Condensation of *3kbDNA*, nicked-DNA and a 21mer duplex by hexammine cobalt chloride, as monitored by light scattering. For each data point shown, DNA concentration was 7.5 μM in base pair (5 mM Bis-Tris, 50 μM EDTA, pH 7.0). Light-scattering intensities shown are averages from measurements taken over a 5 min period. *Inset*: *3kbDNA* and nicked-DNA scattering intensities, as a function of hexammine cobalt chloride concentration, normalized to maximum observed intensity. *Note*: nicked-DNA condensation occurs at a lower hexammine cobalt chloride concentration than *3kbDNA*.

The size and morphology of particles formed by the condensation of nicked-, gapped- and nicked-gapped-DNA duplexes with hexammine cobalt chloride were directly analyzed using TEM and compared with those formed by 3kbDNA. Nicked-DNA condensed into ribbon-like aggregates that were ∼75 nm in width, but frequently over 1 μM in length (Figure 3A). Gapped- and nicked-gapped-DNA duplexes produced similar ribbon-like structures when condensed by hexammine cobalt chloride (Figure 3B and C). Spherical particles of a size close to that typical of DNA toroids were occasionally found among the elongated ribbon-like aggregates. Under the same solution conditions, the condensation of 3kbDNA by hexammine cobalt chloride produced toroids as the dominant morphology with a mean outer diameter of 85 nm (Figure 3D). This result for 3kbDNA is consistent with the previous reports of linear plasmid DNA condensation from a low-salt buffer (21).

TEM images of particles formed by various DNA samples upon condensation with hexammine cobalt chloride. (A) Condensates formed by the nicked-DNA duplexes of oligonucleotides N1 and N2. (B) Condensates formed by the gapped-DNA duplexes of oligonucleotides G1 and G2. (C) Condensates formed by the nicked-gapped-DNA duplex of oligonucleotides N1 and G2. (D) Condensates formed by *3kbDNA*. For all samples, DNA was 15 μM in base pair, and condensed by mixing with an equal volume of 200 μM hexammine cobalt chloride in 5 mM Bis-Tris, 50 μM EDTA (pH 7.0). Scale bar is 100 nm.

Condensation of nicked- and gapped-DNA by a cationic peptide

We also studied the condensation of DNA duplexes with multiple nicks and/or gaps by larger and more highly charged condensing agents. For these studies, condensing agents were chosen from molecules that had previously been shown to facilitate artificial gene delivery. Many cationic peptides have been reported as successful vectors for non-viral gene delivery (17,30). Some of these peptides include naturally derived sequences that facilitate the translocation of DNA across biological membranes in the absence of any specific transporter or receptor. For example, a short peptide derived from the nuclear localization sequence (NLS) of the Tat protein, residues 47–57 (YGRKKRRQRRR), has been shown to promote the entry of nucleic acids into several different cell types (31–34). Thus, we chose the Tat-NLS peptide as a model peptide to investigate whether nicked- and gapped-DNA are condensed by a cationic peptide into a form that would be suitable for delivery.

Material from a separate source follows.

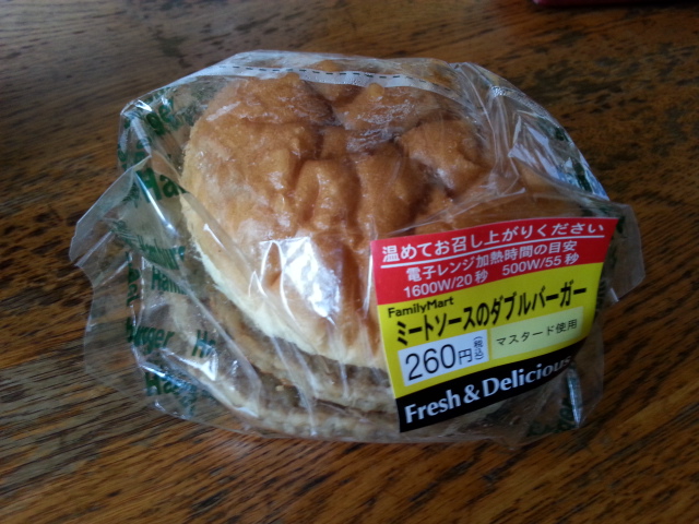 ダブルなだけに肉肉しい味、ソースもいい味だった。後はせめて野菜があれば、レタストマト挟んで食いたい。

Changing the condensing agent from hexammine cobalt chloride to the Tat-NLS peptide caused a dramatic alteration in the size and morphology of condensates formed by DNA duplexes containing nicks and/or gaps. Nicked-, gapped- and nicked-gapped-DNA duplexes all condensed into spherical particles, each with an average diameter of 45 nm (Figure 4A–C). The continuous 3kbDNA was also condensed into spheres by the Tat-NLS peptide, but these particles were significantly larger with an average diameter of 65 nm (Figure 4D). Histograms of condensate particle diameters illustrate that the distribution of particle sizes was also very similar among the three types of nicked- and gapped-DNA, and narrower for each than the distribution observed for 3kbDNA (Figure 5A). We note that the 21mer oligonucleotide duplexes (which did not condense with hexammine cobalt chloride) were condensed by the Tat-NLS peptide, but much larger aggregates were observed compared with nicked- and/or gapped-DNA (Figure 4E). Thus, DNA with nicks and/or gaps can be condensed into smaller particles by the Tat-NLS peptide than either oligonucleotide duplexes or 3kbDNA. The difference observed between the size and morphology of nicked- and gapped-DNA condensates when the condensing agent is changed from a trivalent cation to an eight-charged cationic peptide also illustrates the fundamental interplay between condensing agent type and DNA structure on DNA condensation.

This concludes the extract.